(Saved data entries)
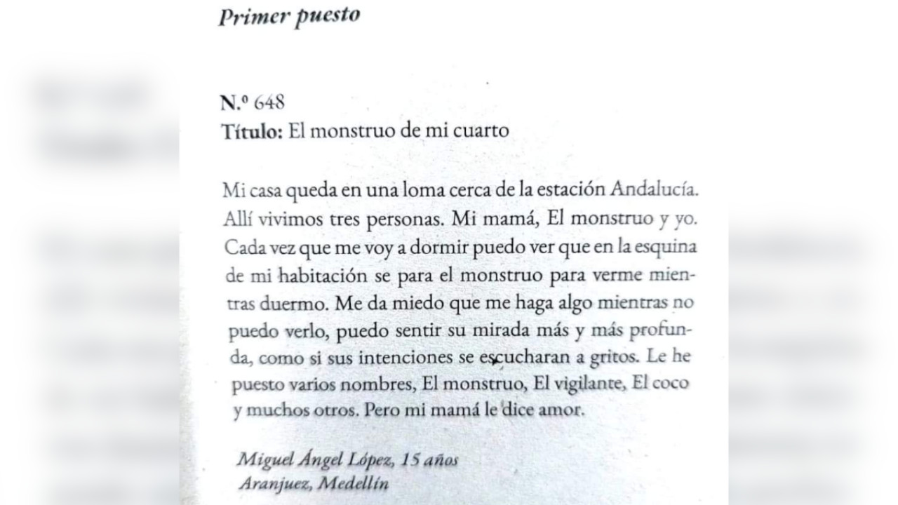 El cuento del menor fue premiado en el concurso de 100 palabras organizado por el Metro de Medellín y Comfama.
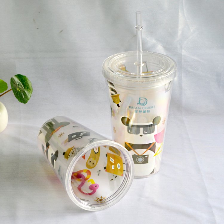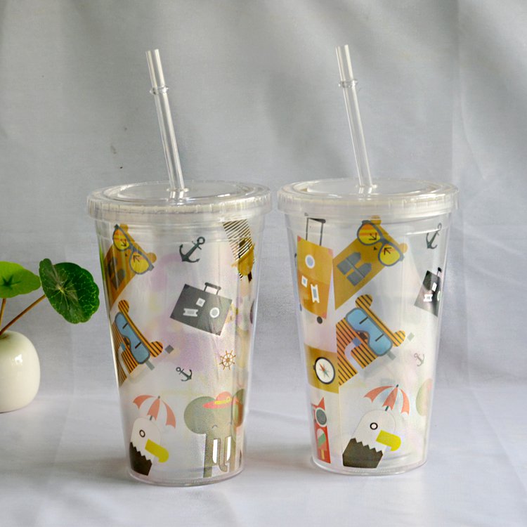 冷變色附吸管塑膠果汁杯-可客製化印刷LOGO
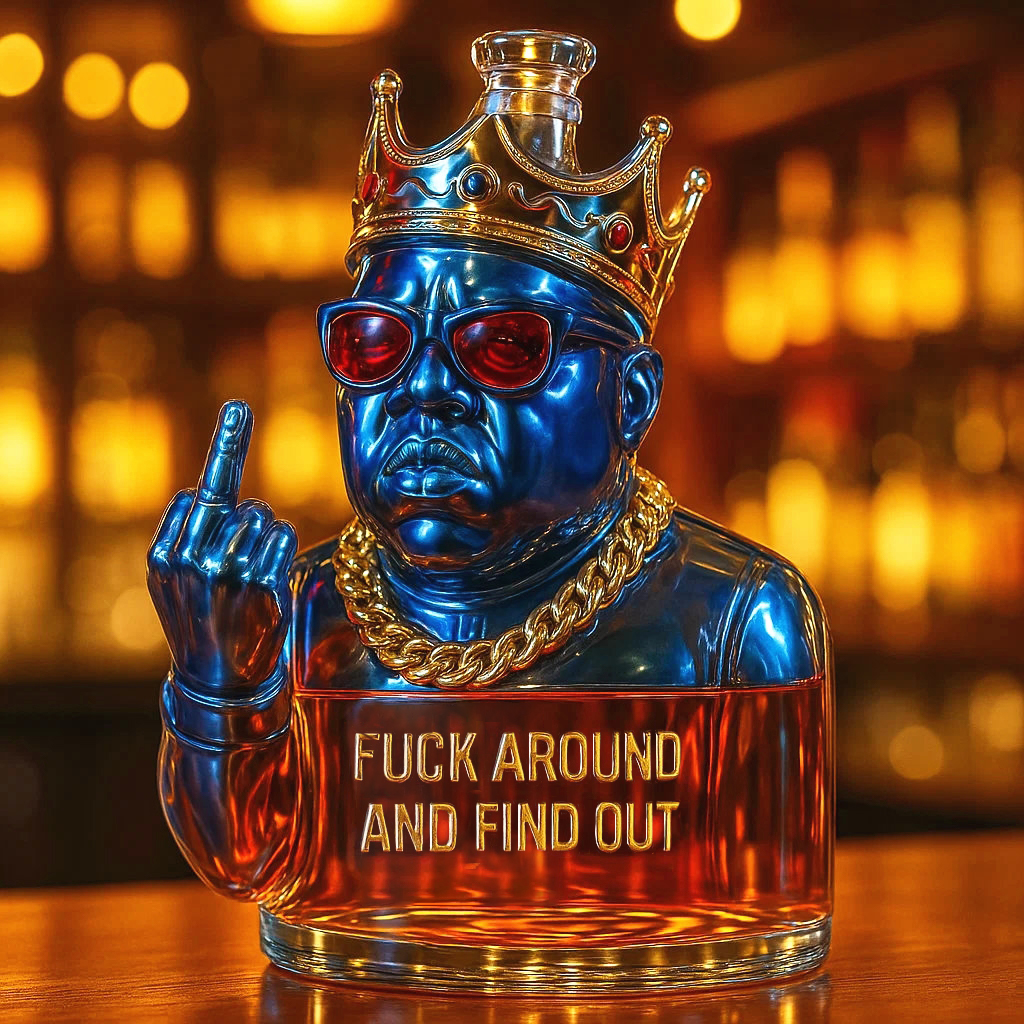 👑😍The Notorious B.I.G Whiskey Bottle will be the most eye-catching presence at parties and bars! Perfect for every loyal fan of The Notorious B.I.G , hip-hop enthusiast and whiskey bottle collector!
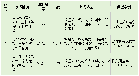 1、超70%数量的案件将《出口管制法》作为海关领域出口管制违法行为的核心处罚依据,这与预判与分析一致。
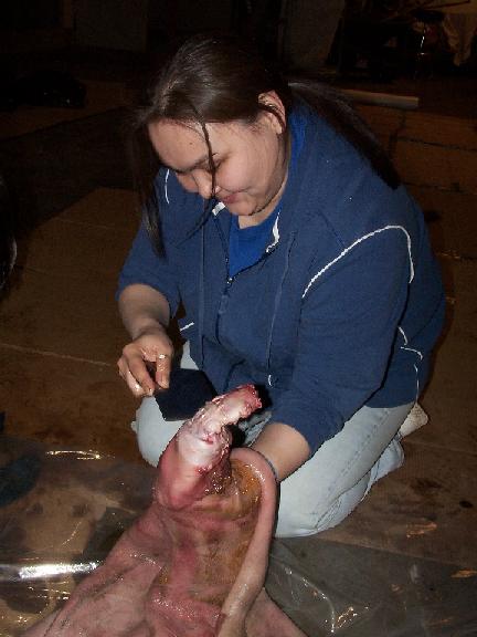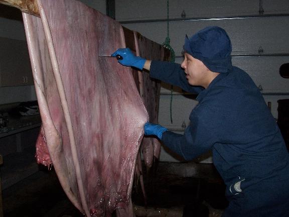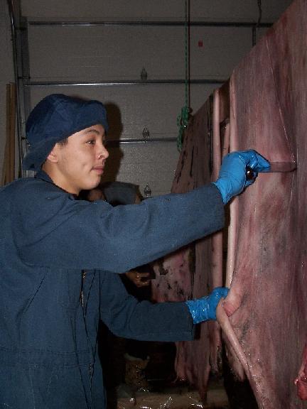 Thea Jennie Brower: Agvitchiaq Whaling Crew member Thea Jennie Brower carefully removes the flipper from the bearded seal skin, making sure not to cut through the skin.
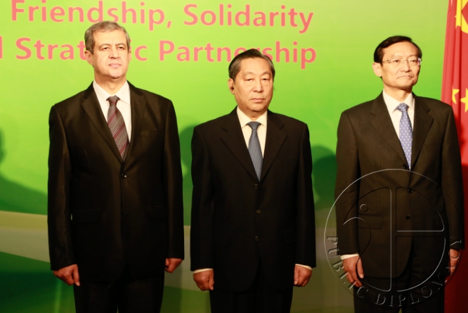 阿尔及利亚驻华大使哈桑纳·拉贝希(左)、全国政协副主席齐续春(中)、中国外交部副部长张明(右)
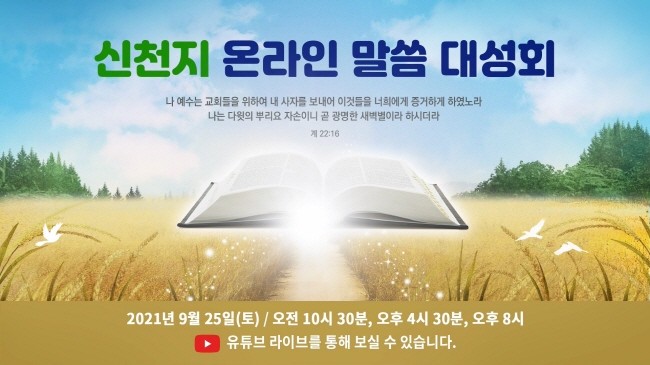 [세계타임즈 백진욱 기자] 신천지예수교 증거장막성전(이하 신천지예수교회)의 이만희 총회장이 지난달에 이어 25일 2차 온라인 말씀대성회를 열고 주 재림 때를 예언한 마태복음 24장의 숨겨진 뜻을 선경을 근거로 설명해 주목을 받고 있다.
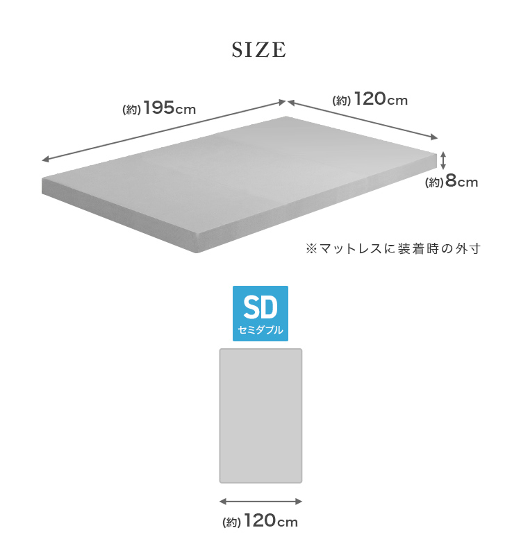 (約)195cm×120cm×8cm(セミダブルサイズ)
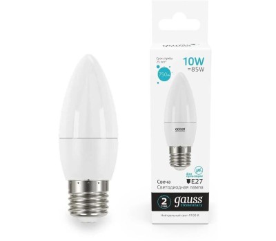 GAUSS Лампа светодиодная Elementary 30220 10Вт цок.:E27 свеча 220B св.свеч.бел.нейт. (упак.:10шт)
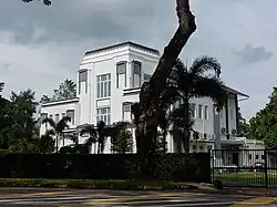 The Penang Masonic Temple is a historic Masonic building located at 136 Jalan Utama (Western Road), corner of Jalan Brown (Brown Road), in George Town, Penang, Malaysia. In 1924, The Royal Prince of Wales Lodge No. 1555, United Grand Lodge of England, and Lodge Scotia No. 1003, Grand Lodge of Scotland, each of which had its own meeting hall, agreed to build the Penang Masonic Temple at its current site to serve their own needs as well as those of other Masonic bodies in the area. A limited company was formed, with each lodge controlling half, to buy the property, construct the building and own and maintain it thereafter. The land was acquired in 1926 and the foundation was laid on 17 December 1927 Designed by architect Howard Leicester in the Art Deco style of architecture, the building was built by contractor Lee Ghee Sok. [1]
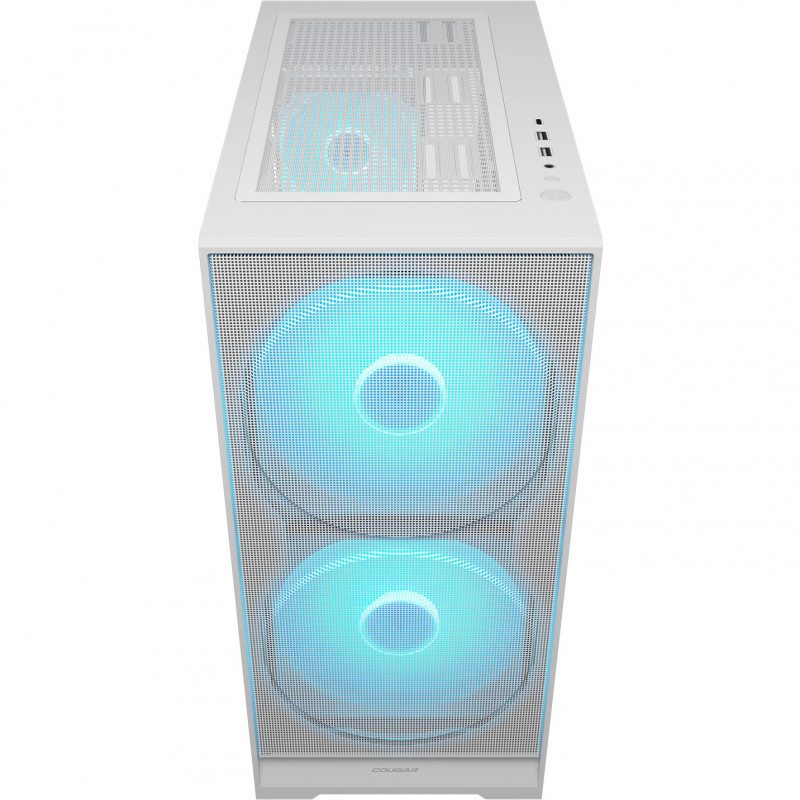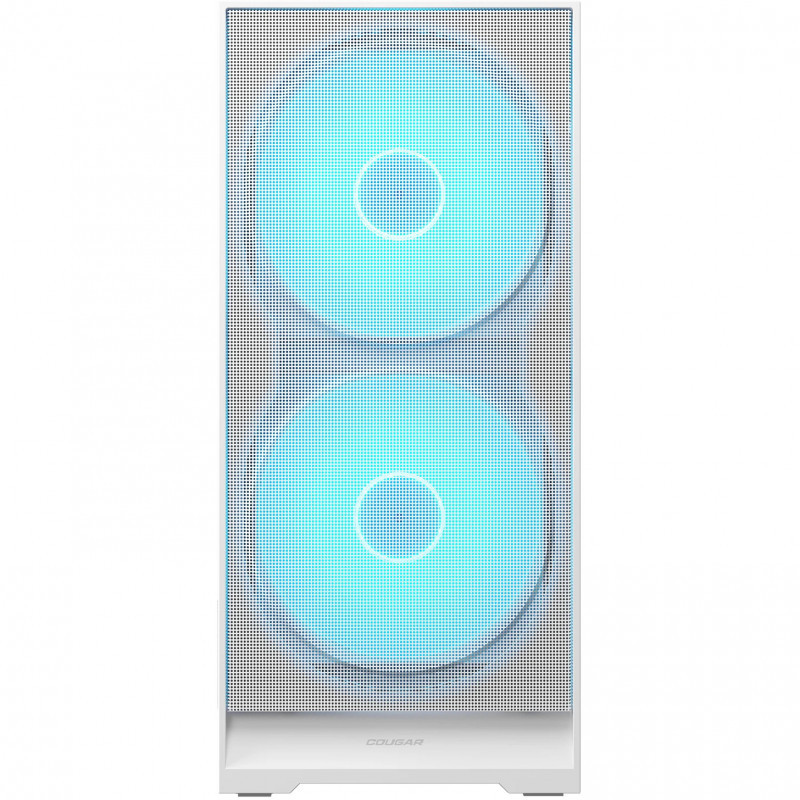"COUGAR Midi Tower Case, Airface 180, ARGB, White. Form factor: Midi Tower, Type: PC, Product colour: White. Power supply location: Bottom. Front fans installed: 2x 180 mm, Front fans diameters supported: 120,140,180 mm, Rear fans installed: 1x 120 mm. Supported HDD sizes: 2.5,3.5"". Width: 220 mm, Depth: 410 mm, Height: 483 mm"\n"The Power of 180mm, Doubled.
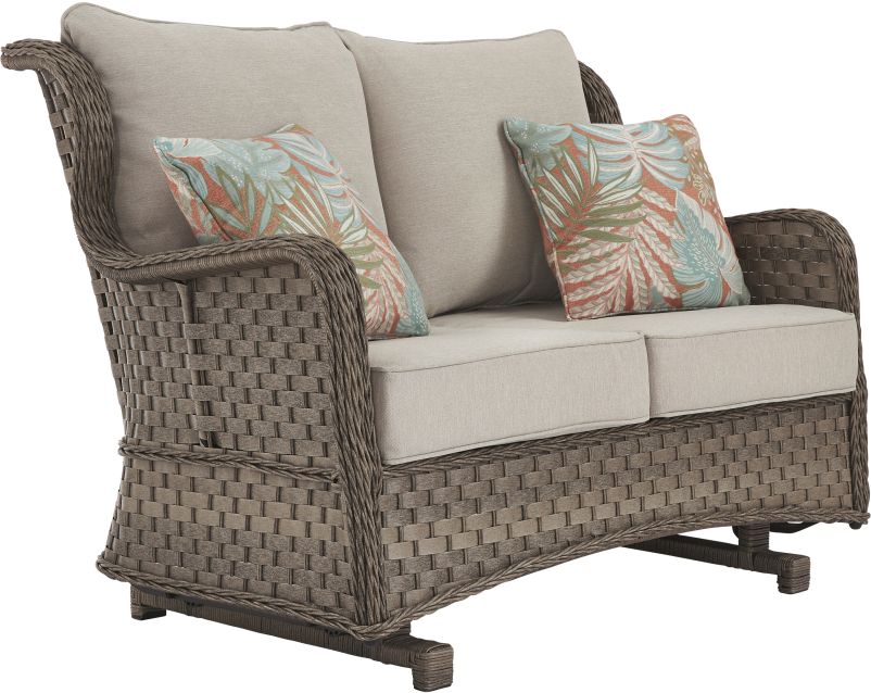 Clearly for those with exceptionally good taste, this outdoor loveseat glider revisits the past, but with today’s low-maintenance approach in mind. Modeled after classic “front porch” wicker furniture, this high-style two-seater includes a rust-free aluminum frame beautified with an all-weather resin weave for authentic flair—but with easy care! Covered in high-performing Nuvella® fabric, the loveseat’s plush cushions and throw pillows are sure to sit well with you, too.
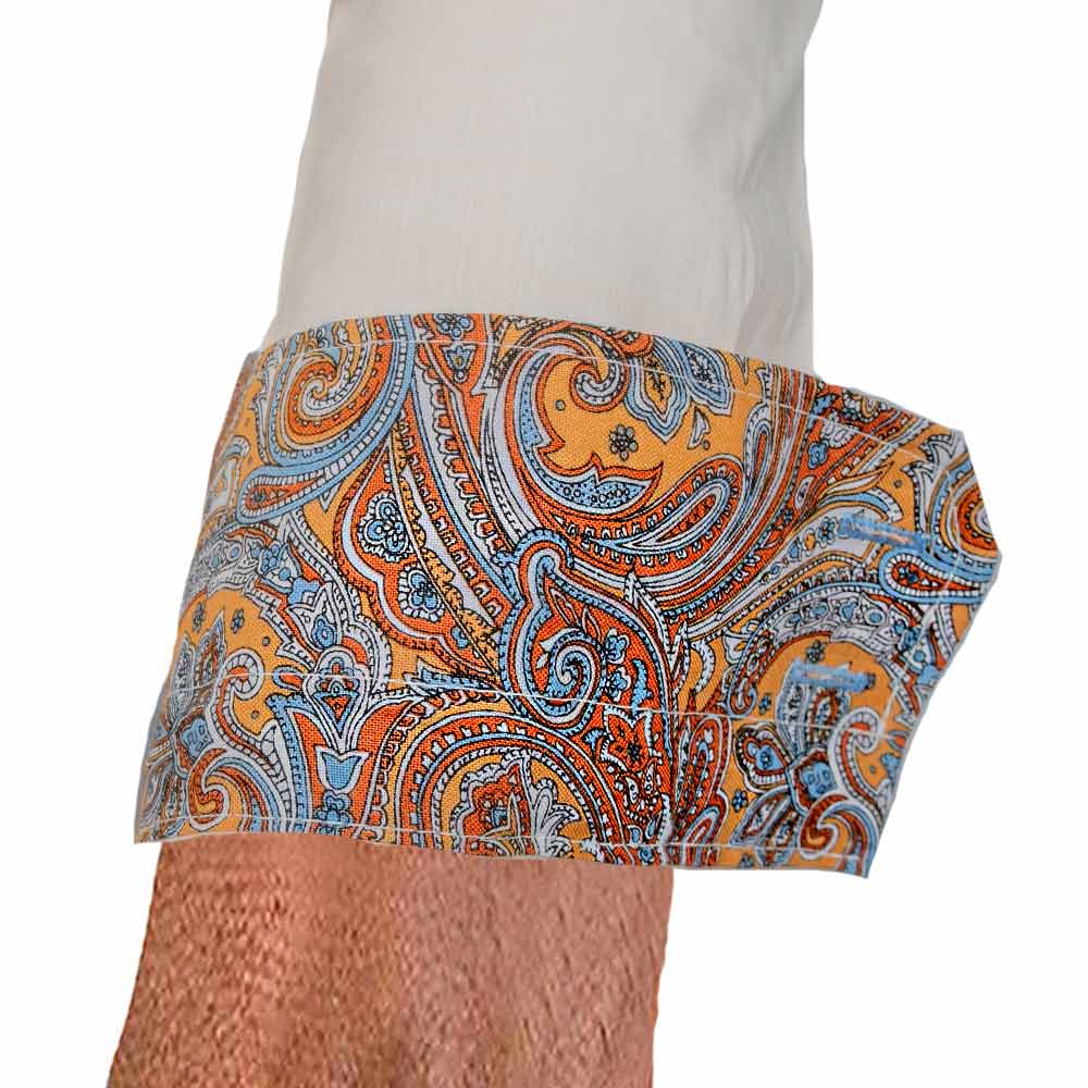 - Accent Fabric: blue and brown paisley colored accent fabric handcrafted in the inner collar band, down the button side placket, and inside the cuffs.

▶ **About this task**
Each line of the records is to be reproduced exactly, and each picture dropped.

▶ **Exercise answer**
 El cuento del menor fue premiado en el concurso de 100 palabras organizado por el Metro de Medellín y Comfama.
 冷變色附吸管塑膠果汁杯-可客製化印刷LOGO
 👑😍The Notorious B.I.G Whiskey Bottle will be the most eye-catching presence at parties and bars! Perfect for every loyal fan of The Notorious B.I.G , hip-hop enthusiast and whiskey bottle collector!
 1、超70%数量的案件将《出口管制法》作为海关领域出口管制违法行为的核心处罚依据,这与预判与分析一致。
 Thea Jennie Brower: Agvitchiaq Whaling Crew member Thea Jennie Brower carefully removes the flipper from the bearded seal skin, making sure not to cut through the skin.
 阿尔及利亚驻华大使哈桑纳·拉贝希(左)、全国政协副主席齐续春(中)、中国外交部副部长张明(右)
 [세계타임즈 백진욱 기자] 신천지예수교 증거장막성전(이하 신천지예수교회)의 이만희 총회장이 지난달에 이어 25일 2차 온라인 말씀대성회를 열고 주 재림 때를 예언한 마태복음 24장의 숨겨진 뜻을 선경을 근거로 설명해 주목을 받고 있다.
 (約)195cm×120cm×8cm(セミダブルサイズ)
 GAUSS Лампа светодиодная Elementary 30220 10Вт цок.:E27 свеча 220B св.свеч.бел.нейт. (упак.:10шт)
 The Penang Masonic Temple is a historic Masonic building located at 136 Jalan Utama (Western Road), corner of Jalan Brown (Brown Road), in George Town, Penang, Malaysia. In 1924, The Royal Prince of Wales Lodge No. 1555, United Grand Lodge of England, and Lodge Scotia No. 1003, Grand Lodge of Scotland, each of which had its own meeting hall, agreed to build the Penang Masonic Temple at its current site to serve their own needs as well as those of other Masonic bodies in the area. A limited company was formed, with each lodge controlling half, to buy the property, construct the building and own and maintain it thereafter. The land was acquired in 1926 and the foundation was laid on 17 December 1927 Designed by architect Howard Leicester in the Art Deco style of architecture, the building was built by contractor Lee Ghee Sok. [1]
"COUGAR Midi Tower Case, Airface 180, ARGB, White. Form factor: Midi Tower, Type: PC, Product colour: White. Power supply location: Bottom. Front fans installed: 2x 180 mm, Front fans diameters supported: 120,140,180 mm, Rear fans installed: 1x 120 mm. Supported HDD sizes: 2.5,3.5"". Width: 220 mm, Depth: 410 mm, Height: 483 mm"\n"The Power of 180mm, Doubled.
 Clearly for those with exceptionally good taste, this outdoor loveseat glider revisits the past, but with today’s low-maintenance approach in mind. Modeled after classic “front porch” wicker furniture, this high-style two-seater includes a rust-free aluminum frame beautified with an all-weather resin weave for authentic flair—but with easy care! Covered in high-performing Nuvella® fabric, the loveseat’s plush cushions and throw pillows are sure to sit well with you, too.
 - Accent Fabric: blue and brown paisley colored accent fabric handcrafted in the inner collar band, down the button side placket, and inside the cuffs.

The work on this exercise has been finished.